WHAT IS BEING ASKED → Pictures aside, write every record out again word for word.

=== Begin Enclosure ===

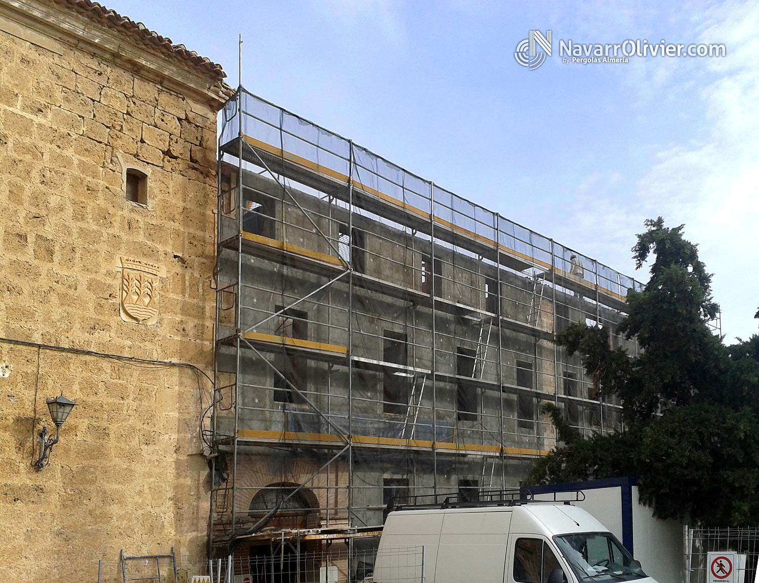 En el año 2012 nuestra empresa en colaboración con la constructora albaida comenzaron la rehabilitaciín y restauración de la construcción. Tras la consolidación de muros se acometio el montaje de la estructura principal de la cubierta la misma se hacienta ahora sobre un zuncho reforzado de hormigon en el cual se instalarón los estrivos de acero que soportan las vigas de gran sección, el friso se realizo en panel sandwich con machihembrado visto desde el exterior, acabado exterior en teja árabe envejecida para integrarse con las cubiertas existentes.
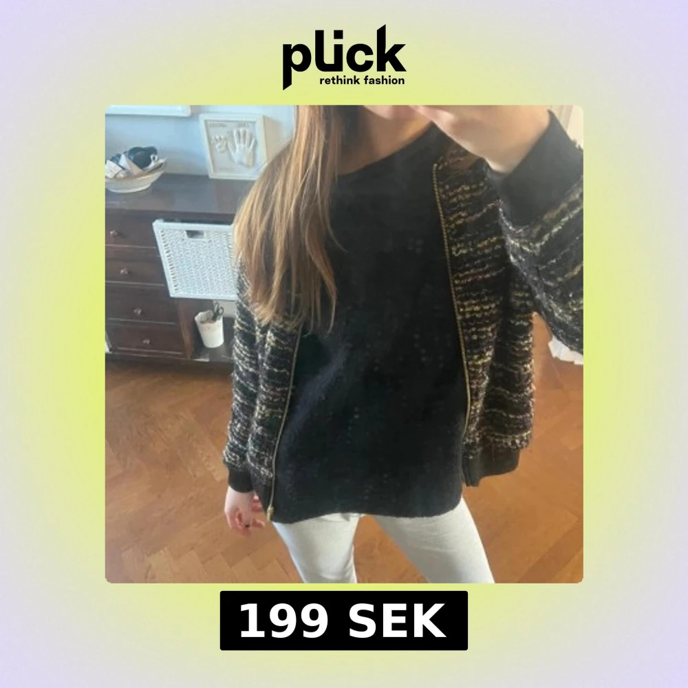Säljer en snygg randig jacka från H&M med dragkedja framtill. Jackan har en mix av färger som svart, rosa och gul, vilket ger den ett unikt utseende. Köpt på vinted. Aldrig andvänt. Säljer för den är för liten i armarna.
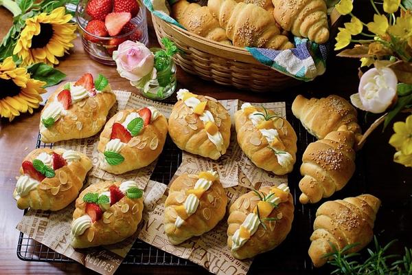 【一次做多种口味汤种面包】鲜奶油水果面包卷与咸黄油面包卷
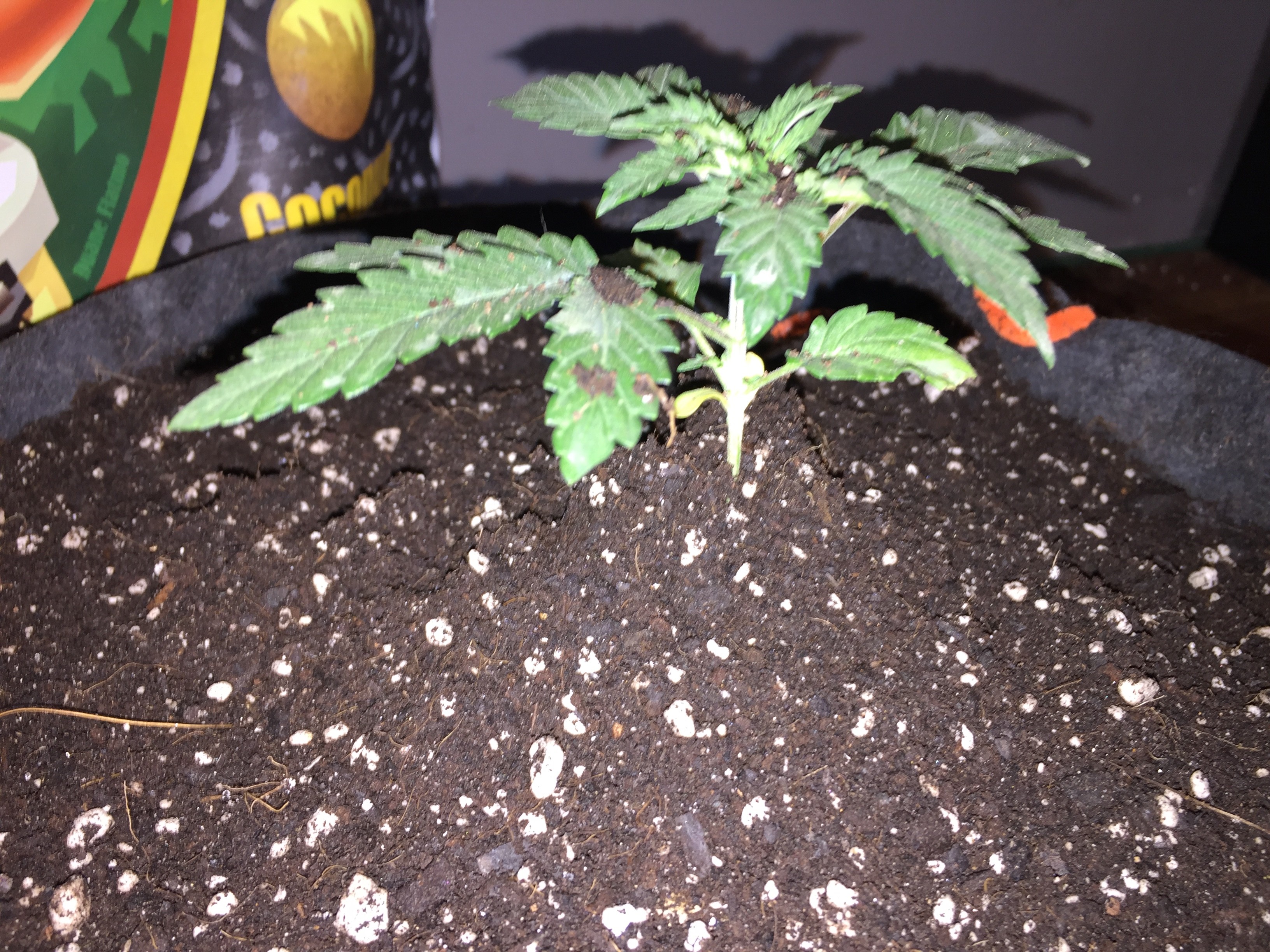 Okay so here’s my two regular photo GSC. I guess I lost track of time growing with this coco. Definitely don’t have to water as much. But yeah I think they’re like 2-3 weeks old. Kind of lost track of that too. But the reason I say that is because they were pretty big for there pots. So dropped in some 3gal fabric pots and getting ready to set em outside. On another note, only one of my GG#4 and Fruit Cake Punch popped but the gg stretched like a freakin vine for some reason. Which doesn’t make sense, since it was under four 6500k HO 24w t5s. Didn’t even want to post a pic lol but she’s growing good. Just leggy. I’ll just bury it when i transplant. But other than that, the two reg Cotton Candy popped and look good. All besides GSC are within first week above soil. Well, happy growing and wish me luck as I try to wrangle all these beasts.
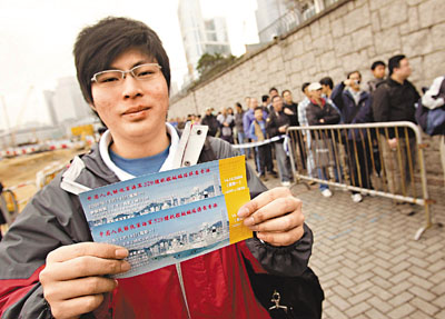 解放軍駐港部隊(duì)13日晨8時(shí)半起,在中環(huán)及槍會(huì)山兩個(gè)軍營門外派發(fā)參觀兩艘導(dǎo)彈護(hù)衛(wèi)艦的入場券,每人可憑身份證領(lǐng)取最多2張入場券。在中環(huán)軍營門外,未正式派發(fā)已有數(shù)百名市民在門外守候,排頭位的鄒先生更在12日晚10時(shí)開始便已通宵輪候。有市民在領(lǐng)取2張入場券后,即到“龍尾”再次排隊(duì)領(lǐng)取,希望可與更多親朋好友一同參觀戰(zhàn)艦。

=== End Enclosure ===

OUTPUT →
 En el año 2012 nuestra empresa en colaboración con la constructora albaida comenzaron la rehabilitaciín y restauración de la construcción. Tras la consolidación de muros se acometio el montaje de la estructura principal de la cubierta la misma se hacienta ahora sobre un zuncho reforzado de hormigon en el cual se instalarón los estrivos de acero que soportan las vigas de gran sección, el friso se realizo en panel sandwich con machihembrado visto desde el exterior, acabado exterior en teja árabe envejecida para integrarse con las cubiertas existentes.
Säljer en snygg randig jacka från H&M med dragkedja framtill. Jackan har en mix av färger som svart, rosa och gul, vilket ger den ett unikt utseende. Köpt på vinted. Aldrig andvänt. Säljer för den är för liten i armarna.
 【一次做多种口味汤种面包】鲜奶油水果面包卷与咸黄油面包卷
 Okay so here’s my two regular photo GSC. I guess I lost track of time growing with this coco. Definitely don’t have to water as much. But yeah I think they’re like 2-3 weeks old. Kind of lost track of that too. But the reason I say that is because they were pretty big for there pots. So dropped in some 3gal fabric pots and getting ready to set em outside. On another note, only one of my GG#4 and Fruit Cake Punch popped but the gg stretched like a freakin vine for some reason. Which doesn’t make sense, since it was under four 6500k HO 24w t5s. Didn’t even want to post a pic lol but she’s growing good. Just leggy. I’ll just bury it when i transplant. But other than that, the two reg Cotton Candy popped and look good. All besides GSC are within first week above soil. Well, happy growing and wish me luck as I try to wrangle all these beasts.
 解放軍駐港部隊(duì)13日晨8時(shí)半起,在中環(huán)及槍會(huì)山兩個(gè)軍營門外派發(fā)參觀兩艘導(dǎo)彈護(hù)衛(wèi)艦的入場券,每人可憑身份證領(lǐng)取最多2張入場券。在中環(huán)軍營門外,未正式派發(fā)已有數(shù)百名市民在門外守候,排頭位的鄒先生更在12日晚10時(shí)開始便已通宵輪候。有市民在領(lǐng)取2張入場券后,即到“龍尾”再次排隊(duì)領(lǐng)取,希望可與更多親朋好友一同參觀戰(zhàn)艦。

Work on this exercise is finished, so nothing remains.